| Assignment |
Go to the line with "Monte Carlo, VMC)进行训练。" in the entries below and write out every line from there through the line with "Methodology • The", exactly and without pictures.

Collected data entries
● ● ● ●

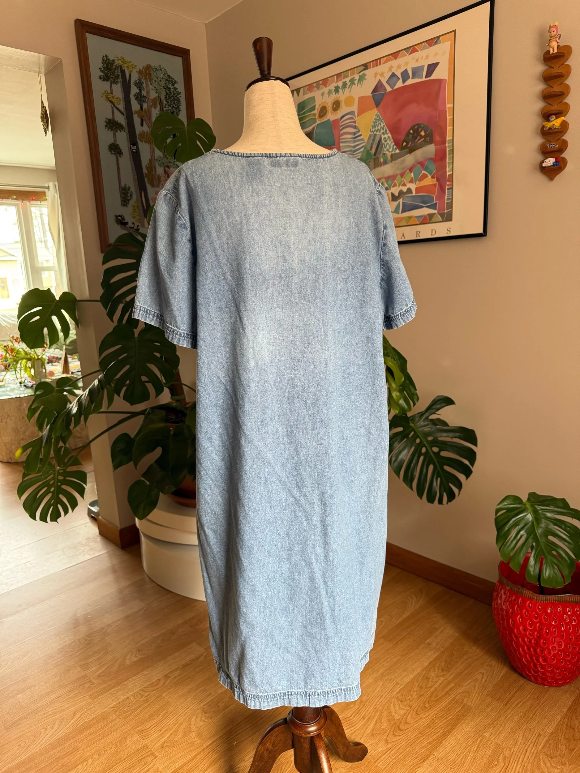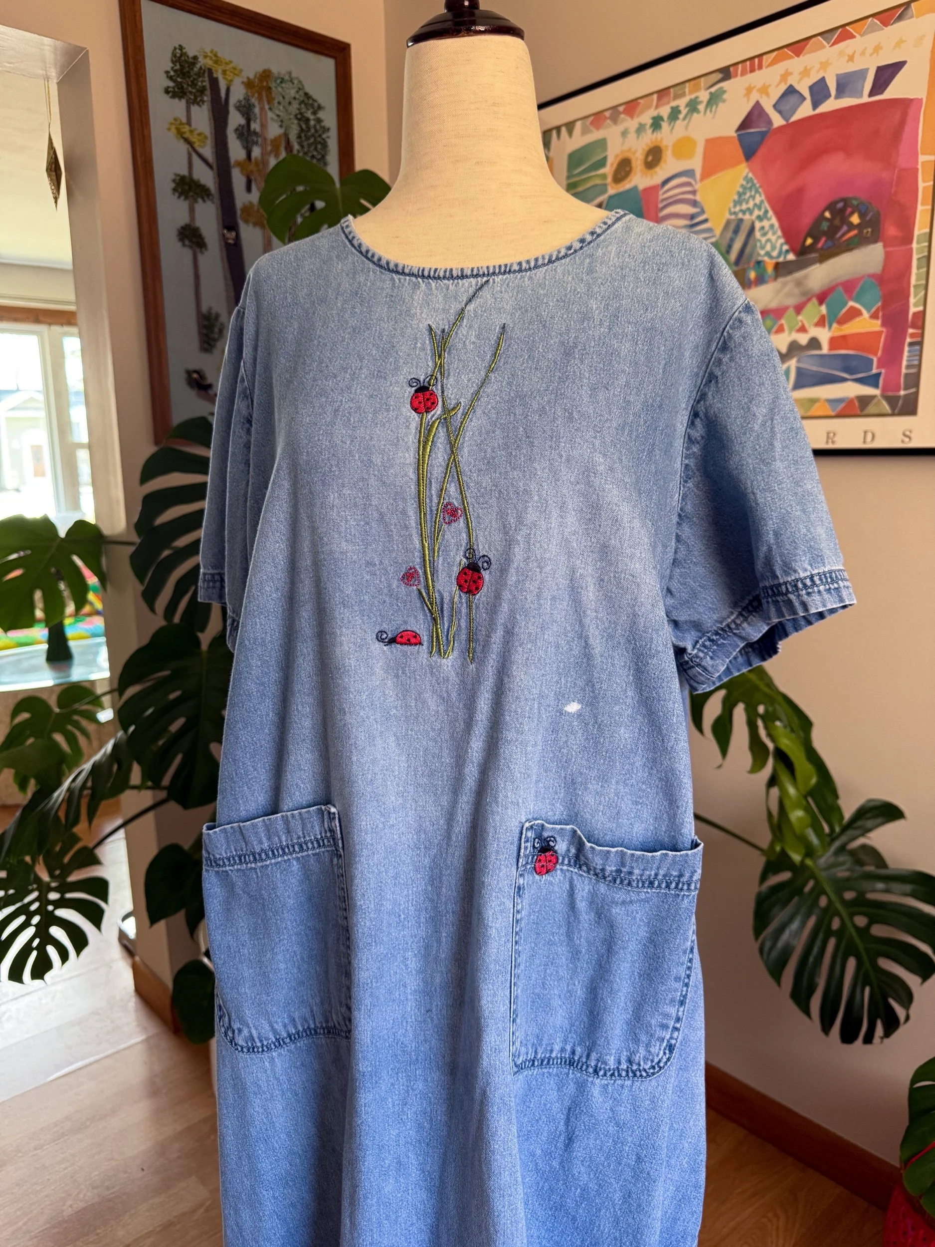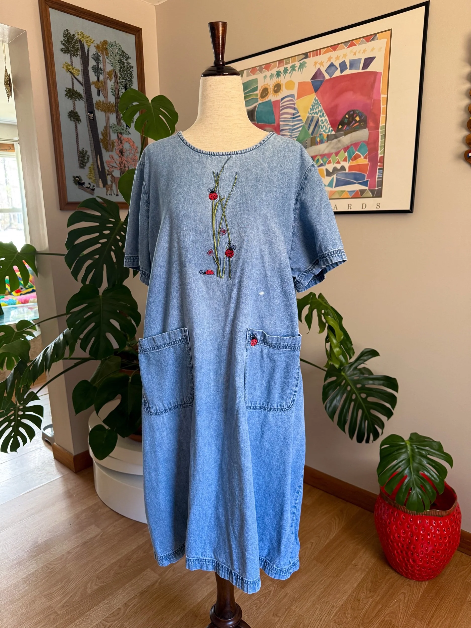 the sweetest vintage denim dress with pockets & embroidery little ladybugs!
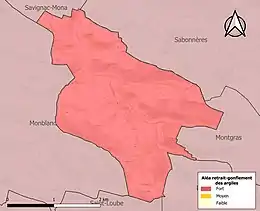 Le retrait-gonflement des sols argileux est susceptible d'engendrer des dommages importants aux bâtiments en cas d’alternance de périodes de sécheresse et de pluie. La totalité de la commune est en aléa moyen ou fort (94,5 % au niveau départemental et 48,5 % au niveau national). Sur les 44 bâtiments dénombrés sur la commune en 2019, 44 sont en aléa moyen ou fort, soit 100 %, à comparer aux 93 % au niveau départemental et 54 % au niveau national. Une cartographie de l'exposition du territoire national au retrait gonflement des sols argileux est disponible sur le site du BRGM[21],[Carte 3].
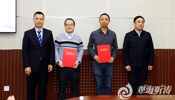 12月17日下午,开云电竞网址第二十二届“天泰优秀人才奖”、首届“天泰崇本奖学金”颁奖仪式在崂山校区海洋科技楼303会议室举行。学校党委常委、校长助理、教育基金会副理事长吴强明,天泰地产总裁戴大为出席仪式。
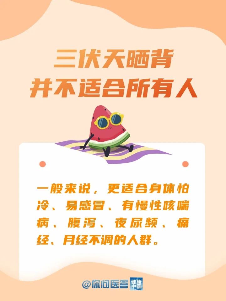 今年三伏天高温加暴雨,湿热交加,散热不利,晒背时切记防中暑。
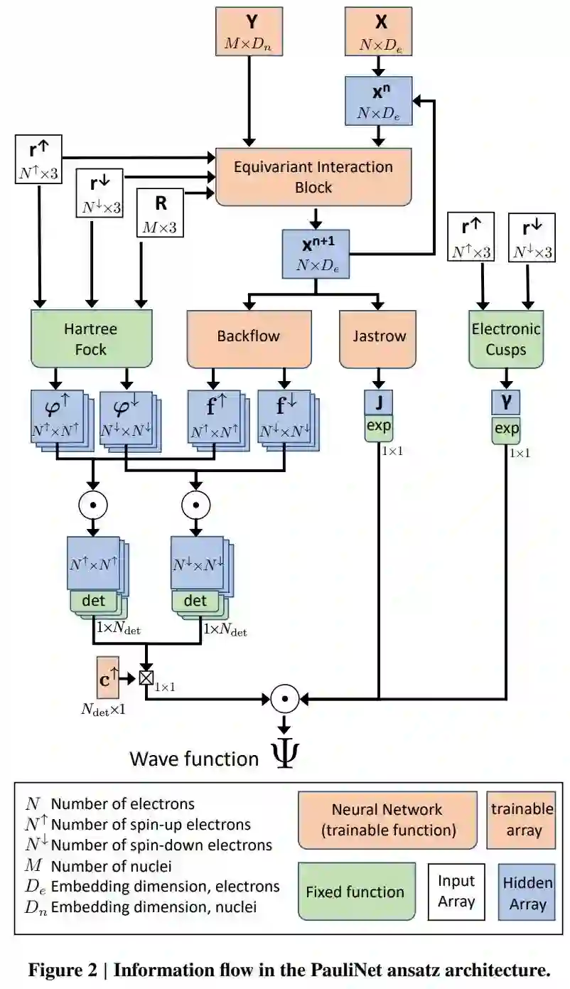 受到「泡利不相容原理」(Pauli exclusion principle)的启发,研究者将他们的方法命名为「PauliNet」。它是一种深度学习波函数拟设,可以获得电子薛定谔方程的近乎精确解。PauliNet 具有一个作为基线的内置多参考哈特里-福克(Hartree–Fock)解,集成有效波函数的物理特性,并使用变分量子蒙特卡罗方法(variational quantum Monte Carlo, VMC)进行训练。
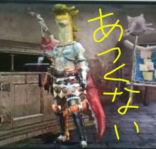 オトモのレベル上限が上がった&上位防具作ってみた【MHX】 モンハン 2016年02月23日 どうも~。 ブログの更新はそんなにしてませんがモンハンは少しずつ進んでいます。 ちょっと何のクエストだか忘れてしまいましたけど、集会所の上位のニャンタークエだったと思います。それをやったら、オトモのレベル上限が35まで上がるようになりました。 わーい、わーい! 既にLV.20で成長が止まってたオトモが12匹もいたので良かったです。 それと、上位のクエストをやるために現在の私のしょぼい装備を一新しようと色々考えていました。 頑シミュと睨めっこしながらね! 使えそうなお守りは全部入力しましたよ。 オンラインの楽しさも少しずつ感じている私ですが、いちいち着替えると申し訳ないし、快く待ってくれるんですけど勝手に焦っちゃうから、どんなクエストでもとりあえず行けそうな装備を考えました。 私、方向音痴なんですよ。 しかも心配性なんですよ。 記憶力も悪いんですよ。 だから、私の欲しいスキルは「ハンター生活」「自動マーキング」「捕獲の見極め」 何年前からモンハンやってるんだって感じの初心者っぽさですけども、腕は本当にいつまでも初心者ですからね、良いんです。 その3つのスキルを基本に、追加でそれぞれ「毒耐性」「暑さ無効」「寒さ無効」が付いた3セットをしばらく着回そうと思います。 早速、頑シミュSTART! ●「ハンター生活」「自動マーキング」「捕獲の見極め」「毒耐性」付きの装備 リモスSフェイク ゲリョスSメイル クロオビSアーム インゴットSコイル クロオビSグリーヴ 狩人珠×3、観察珠×2、お守り(千里眼+7) ●「ハンター生活」「自動マーキング」「捕獲の見極め」「暑さ無効」付きの装備 リモスSフェイク 混沌のカイ・覇 ハントSアーム インゴットSコイル クロオビSグリーヴ 狩人珠×2、観察珠×1、千里珠×1、耐暑珠×1、狩人珠×1、お守り(耐暑+8) ●「ハンター生活」「自動マーキング」「捕獲の見極め」「寒さ無効」付きの装備 リモスSフェイク 混沌のカイ・覇 ハントSアーム ハンターSフォールド クロオビSグリーヴ 狩人珠×1、観察珠×1、耐寒珠×3、千里珠×1、お守り(観察眼+8) 当たり前だけどさ、素材も上位の物を揃えないといけないから大変でした。 クロオビSアーム&グリーヴを作る為に今作で初めての闘技大会クエストもやりました。 闘技大会って装備選べないから、対ケチャワチャで太刀を使いましたよ。 MHXでは大剣とニャンターしかやってなかったから、太刀なんて何年ぶりよ? そんなこんなで苦労しつつもなんとか先ほど全セット完成いたしました~! だがしかし! 頭の共通装備「リモスSフェイク」の見た目がかっこ悪すぎる!! オンライン用にも使えると思ってこの装備にしたんだけど・・・これじゃあ笑われちゃうかも。 もし一緒に狩りに行くことになっても笑わないでね? 気になる見た目はこんな感じ ↓ ・ ・ ・ ・ ・ でも、せっかく作ったんで当分この装備で行きますよ! 鎧玉も遂に使っちゃうよ~。 今まで防御力2桁しかなかったから急に強くなっちゃうわ、嬉しい♪ これで村クエ埋めも再開しやすくなった~、頑張る! 他のモンハン記事はコチラ→モンハン PR
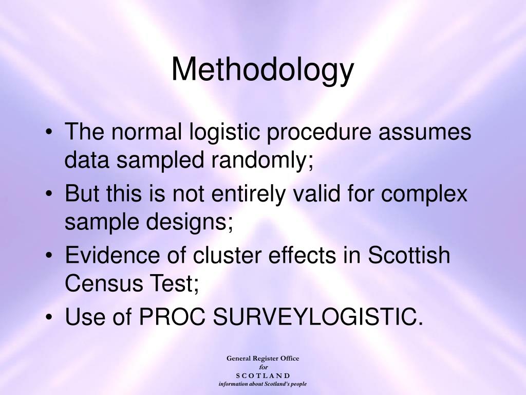 Methodology • The normal logistic procedure assumes data sampled randomly; • But this is not entirely valid for complex sample designs; • Evidence of cluster effects in Scottish Census Test; • Use of PROC SURVEYLOGISTIC.
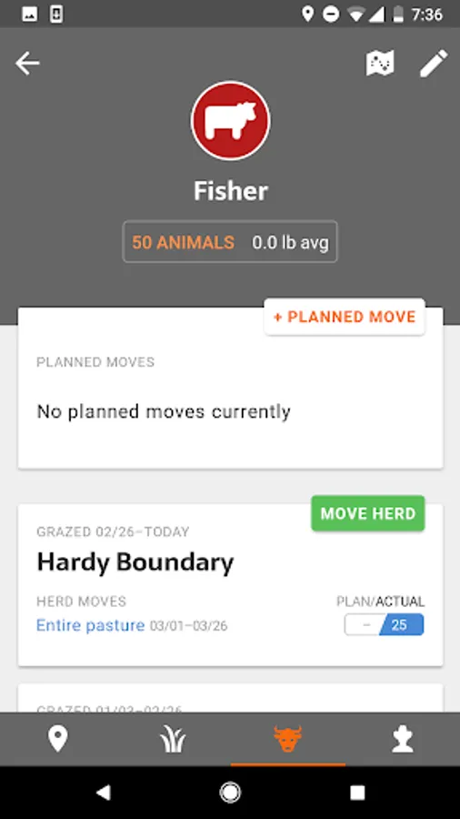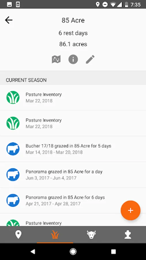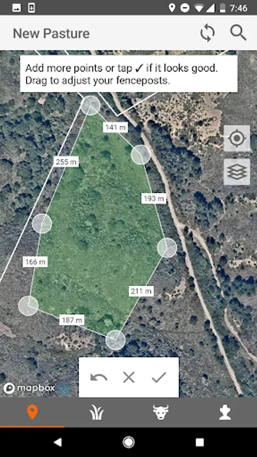 PastureMap works offline when you're in the field. Log in to your account on the web to see your herd management dashboard, animal days/acre, and see how local rainfall and soil data affect your productivity.

● ● ● ●

| Written solution |
 受到「泡利不相容原理」(Pauli exclusion principle)的启发,研究者将他们的方法命名为「PauliNet」。它是一种深度学习波函数拟设,可以获得电子薛定谔方程的近乎精确解。PauliNet 具有一个作为基线的内置多参考哈特里-福克(Hartree–Fock)解,集成有效波函数的物理特性,并使用变分量子蒙特卡罗方法(variational quantum Monte Carlo, VMC)进行训练。
 オトモのレベル上限が上がった&上位防具作ってみた【MHX】 モンハン 2016年02月23日 どうも~。 ブログの更新はそんなにしてませんがモンハンは少しずつ進んでいます。 ちょっと何のクエストだか忘れてしまいましたけど、集会所の上位のニャンタークエだったと思います。それをやったら、オトモのレベル上限が35まで上がるようになりました。 わーい、わーい! 既にLV.20で成長が止まってたオトモが12匹もいたので良かったです。 それと、上位のクエストをやるために現在の私のしょぼい装備を一新しようと色々考えていました。 頑シミュと睨めっこしながらね! 使えそうなお守りは全部入力しましたよ。 オンラインの楽しさも少しずつ感じている私ですが、いちいち着替えると申し訳ないし、快く待ってくれるんですけど勝手に焦っちゃうから、どんなクエストでもとりあえず行けそうな装備を考えました。 私、方向音痴なんですよ。 しかも心配性なんですよ。 記憶力も悪いんですよ。 だから、私の欲しいスキルは「ハンター生活」「自動マーキング」「捕獲の見極め」 何年前からモンハンやってるんだって感じの初心者っぽさですけども、腕は本当にいつまでも初心者ですからね、良いんです。 その3つのスキルを基本に、追加でそれぞれ「毒耐性」「暑さ無効」「寒さ無効」が付いた3セットをしばらく着回そうと思います。 早速、頑シミュSTART! ●「ハンター生活」「自動マーキング」「捕獲の見極め」「毒耐性」付きの装備 リモスSフェイク ゲリョスSメイル クロオビSアーム インゴットSコイル クロオビSグリーヴ 狩人珠×3、観察珠×2、お守り(千里眼+7) ●「ハンター生活」「自動マーキング」「捕獲の見極め」「暑さ無効」付きの装備 リモスSフェイク 混沌のカイ・覇 ハントSアーム インゴットSコイル クロオビSグリーヴ 狩人珠×2、観察珠×1、千里珠×1、耐暑珠×1、狩人珠×1、お守り(耐暑+8) ●「ハンター生活」「自動マーキング」「捕獲の見極め」「寒さ無効」付きの装備 リモスSフェイク 混沌のカイ・覇 ハントSアーム ハンターSフォールド クロオビSグリーヴ 狩人珠×1、観察珠×1、耐寒珠×3、千里珠×1、お守り(観察眼+8) 当たり前だけどさ、素材も上位の物を揃えないといけないから大変でした。 クロオビSアーム&グリーヴを作る為に今作で初めての闘技大会クエストもやりました。 闘技大会って装備選べないから、対ケチャワチャで太刀を使いましたよ。 MHXでは大剣とニャンターしかやってなかったから、太刀なんて何年ぶりよ? そんなこんなで苦労しつつもなんとか先ほど全セット完成いたしました~! だがしかし! 頭の共通装備「リモスSフェイク」の見た目がかっこ悪すぎる!! オンライン用にも使えると思ってこの装備にしたんだけど・・・これじゃあ笑われちゃうかも。 もし一緒に狩りに行くことになっても笑わないでね? 気になる見た目はこんな感じ ↓ ・ ・ ・ ・ ・ でも、せっかく作ったんで当分この装備で行きますよ! 鎧玉も遂に使っちゃうよ~。 今まで防御力2桁しかなかったから急に強くなっちゃうわ、嬉しい♪ これで村クエ埋めも再開しやすくなった~、頑張る! 他のモンハン記事はコチラ→モンハン PR
 Methodology • The normal logistic procedure assumes data sampled randomly; • But this is not entirely valid for complex sample designs; • Evidence of cluster effects in Scottish Census Test; • Use of PROC SURVEYLOGISTIC.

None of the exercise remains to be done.